What the exercise asks ->
Copy exactly the lines starting at the one that contains "A delicate play" and running through the end of the material below. Exclude any pictures.

Source data ->
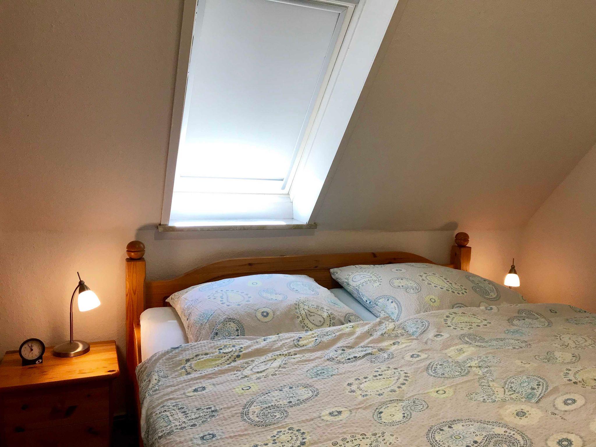 Die Ferienwohnungin einer ruhigen Sackgasse bietet Platz für bis zu 2 Personen, ist ca. 40 m² groß und verfügt über ein Wohnzimmer mit Essgelegenheit, ein Schlafzimmer mit Doppelbett, ein Badezimmer mit Dusche und WC, eine separate Küche sowie einen überdachten Balkon mit Blick in den Garten.
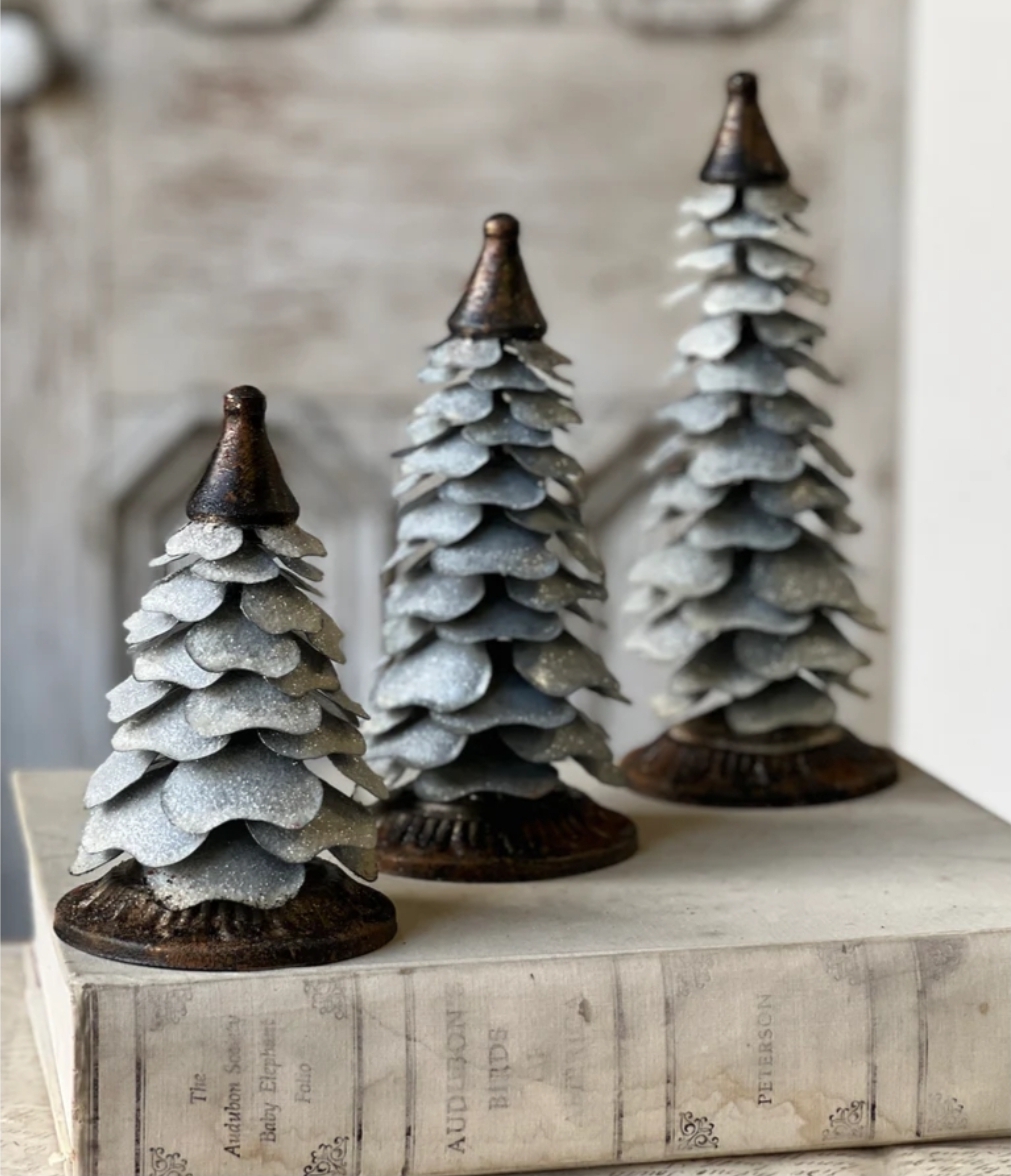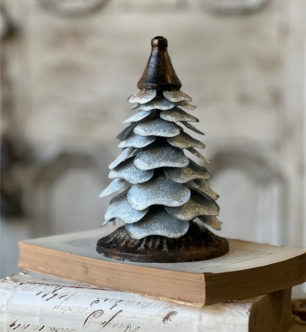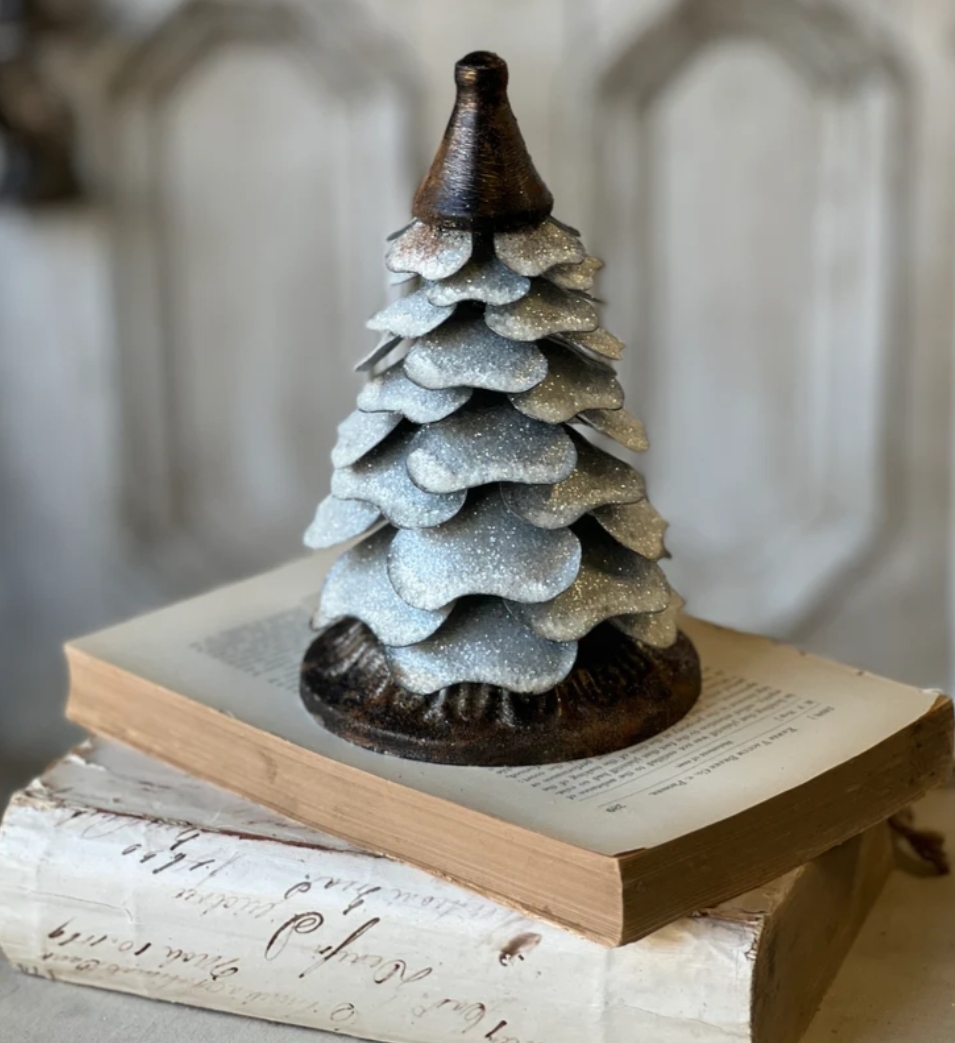 A delicate play of glow and contrast, our Frosted Scallop Pine is dressed in softly snowy boughs and brushed with a subtle iridescent shimmer that catches the light just so. Its darker, weathered base grounds the design with a touch of heirloom character — making it feel both enchanting and timeless.
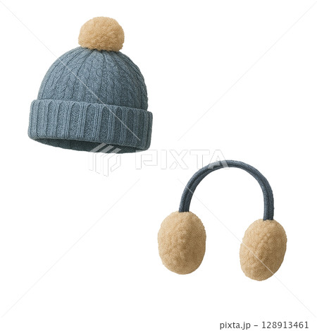青いニット帽&イヤーマフセット(PNG切り抜き)

Exercise solution ->
 A delicate play of glow and contrast, our Frosted Scallop Pine is dressed in softly snowy boughs and brushed with a subtle iridescent shimmer that catches the light just so. Its darker, weathered base grounds the design with a touch of heirloom character — making it feel both enchanting and timeless.
青いニット帽&イヤーマフセット(PNG切り抜き)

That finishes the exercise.